Now, of course both of these cases could have totally benign explanations. Maybe the licensing terms of ActiveSync make it undesirable for Google to support it for free users in the future. Perhaps MS and Google can't come to a reasonable agreement about Youtube API licensing terms, and the real villain of the story is MS for trying to now score cheap publicity points with it. Or maybe Google is trying its best to smother WP8 in the cradle. And you can't ignore these other data points when looking at the motivations for these petty Maps changes.

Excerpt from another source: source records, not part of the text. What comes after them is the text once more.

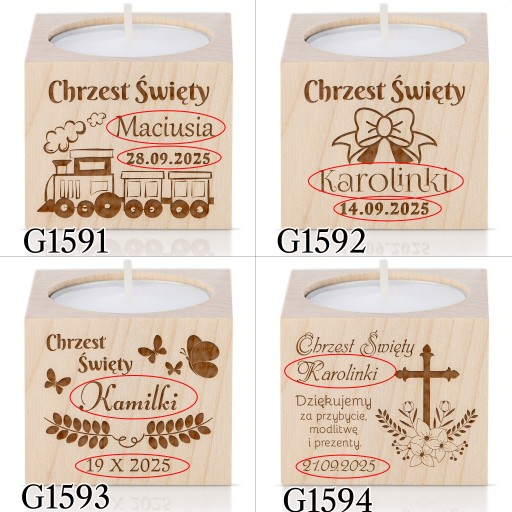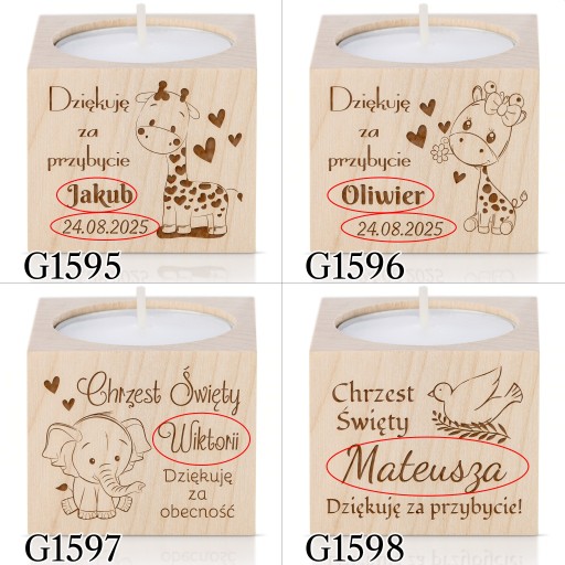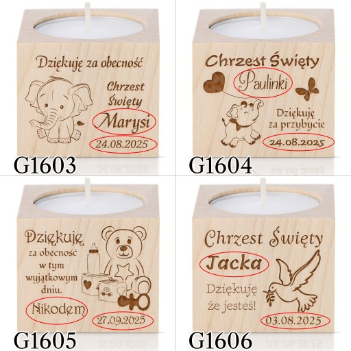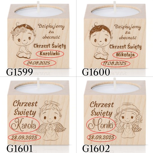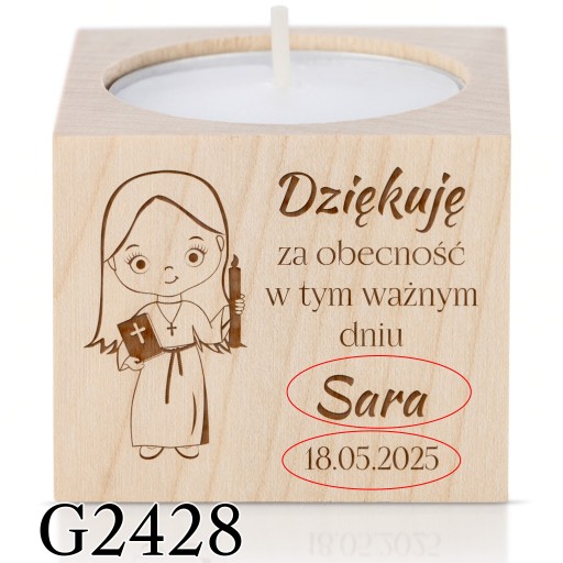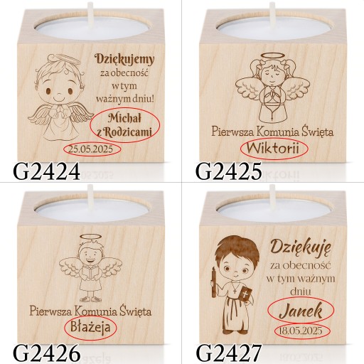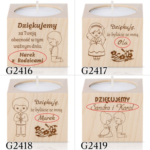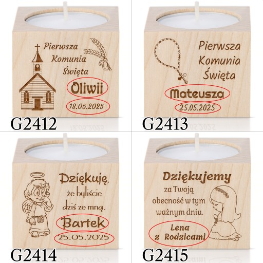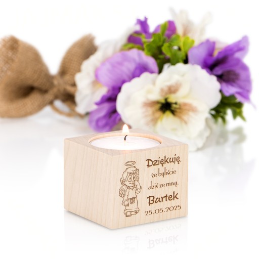 Період причастя вже близько!Дерев'яний свічникз можливістю персоналізації — ідеальна ідея дляподарунок для гостейщоб відзначити цей особливий день.
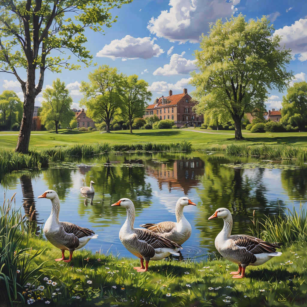 На краю деревни, где зелёные луга встречаются с гладью пруда, царит особая тишина. Здесь, среди высоких деревьев и отражения старинного особняка в воде, гуляют гуси. Они неспешно бредят по траве, наслаждаясь теплом летнего дня.
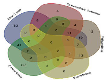 Of the total 849 strains screened for five enzymes required for the saccharification of cellulose and ulvan, 235 tested positive for one or more enzymes. Ulvan lyases were present in 166 strains, while carbohydrate sulfatases were present in 26 strains, β-glucosidases in 69 strains, endocellulases in 70 strains and exocellulases in 34 strains Figure 1. Illustrates the results of the screenings carried out for detecting the activity of the above mentioned enzymes. Venn diagram indicating the overall number of organism with single activity as well as number of organisms with more than one of the five enzyme activities screened for is illustrated in Figure 2.
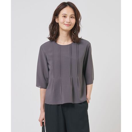 シアー感とピンタックが織りなす、春らしい爽やかさがポイントのチェック柄カットソー
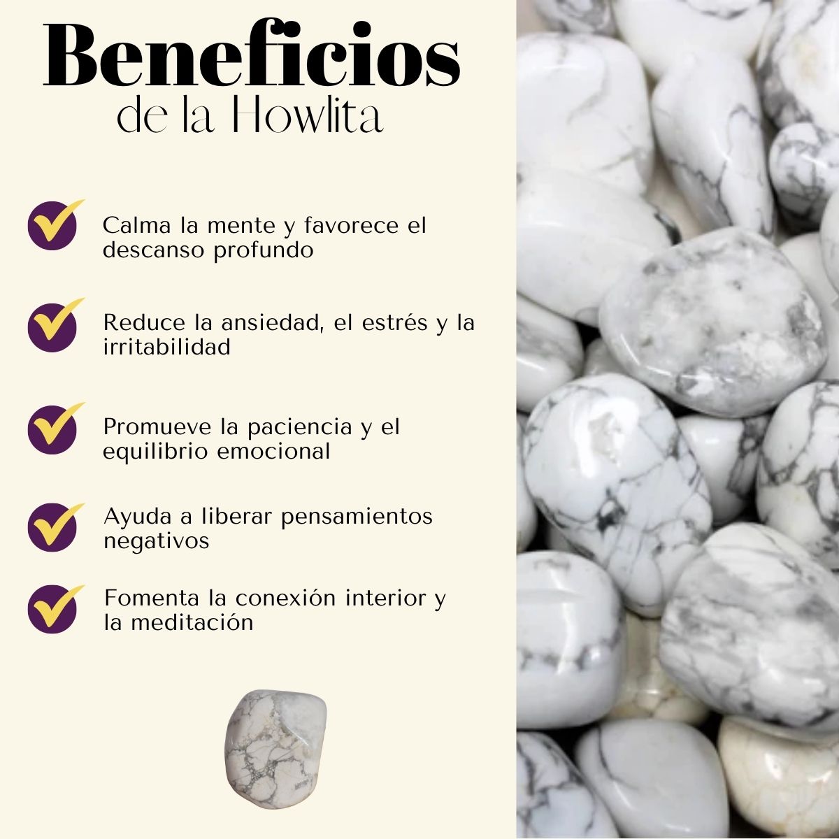 La howlita es conocida por su energía tranquilizadora, ideal para quienes buscan reducir el estrés, la ansiedad y los pensamientos acelerados. El ojo turco azul, símbolo protector ancestral, actúa como escudo frente al mal de ojo y las vibraciones negativas.

If anyone has a counterexample I'd love to hear it, but so far as I know no one other than Microsoft (and, until recently, Google) offers Exchange ActiveSync to free users. In my opinion, that strongly suggests that Microsoft's licensing terms for ActiveSync make that economically unsustainable. If that's right, you would expect Google to drop free EAS support once the major benefit of better iPhone support was superseded by a native Gmail app, Windows Phone or no Windows Phone. One of the planned benefits of buying Sparrow, I suspect. That ''under $25 million" needed to be justified, after all.
They didn't, it's fully featured. In some ways it's even better than the Android app, more beautifully designed. They mentioned in their blog they'll be bringing much the same to Android soon.

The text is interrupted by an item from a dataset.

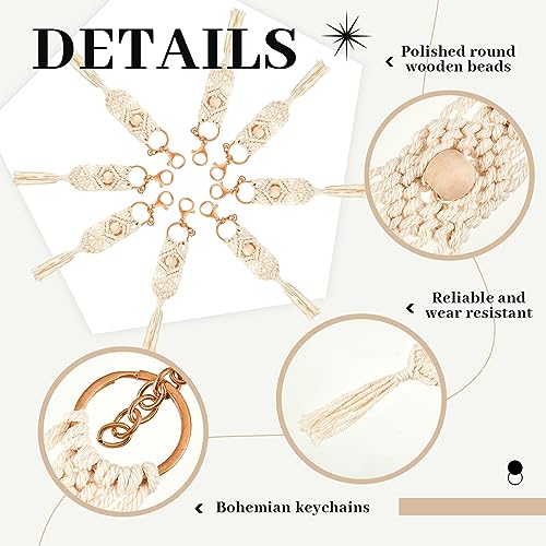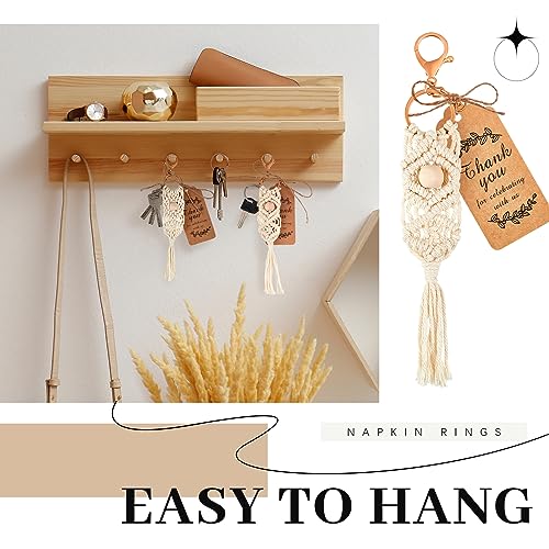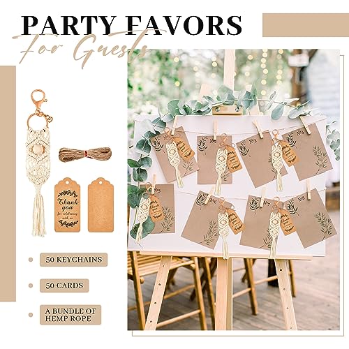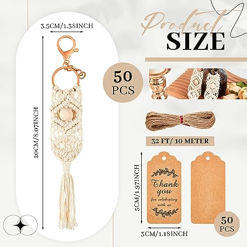 - Nice Set: the package comes with 50 pieces of macrame keychains, beautiful and elegant; 50 pieces of kraft thank you tags, about 1.97 x 1.18 inches/ 5 x 3 cm, with 32.81 ft/ 10 m hemp rope, enough quantities and exquisite appearance combinations make it sufficient for meeting your various decoration demands or share with others. Note: hand woven, the length of tassels is not fixed, you can cut the tassels to the length you want
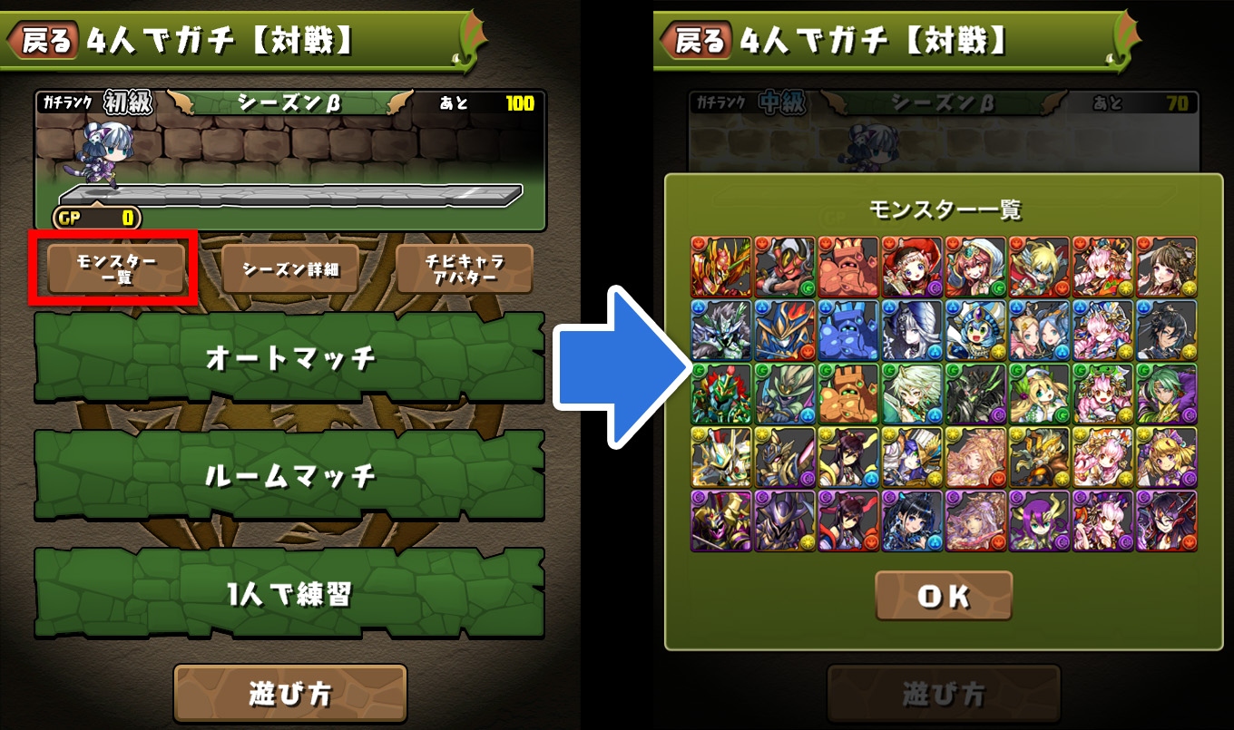 ★対戦前に、「モンスター一覧」から、5体の候補に選ばれるモンスターたちが確認できます。

PhoneGap's plugin system makes it possible to hook into the native touch events and mimic touch events in the browser.
IE9 on WP7 is genuinely awful, though, and an app in that environment is guaranteed to be horrible. IE10 on WP8 is a vast improvement and is viable for HTML-based applications, though.
Try that on a 4inch 2dimensional object with a target audience of children through elderly, moron through genius, and tell us how well that works for you.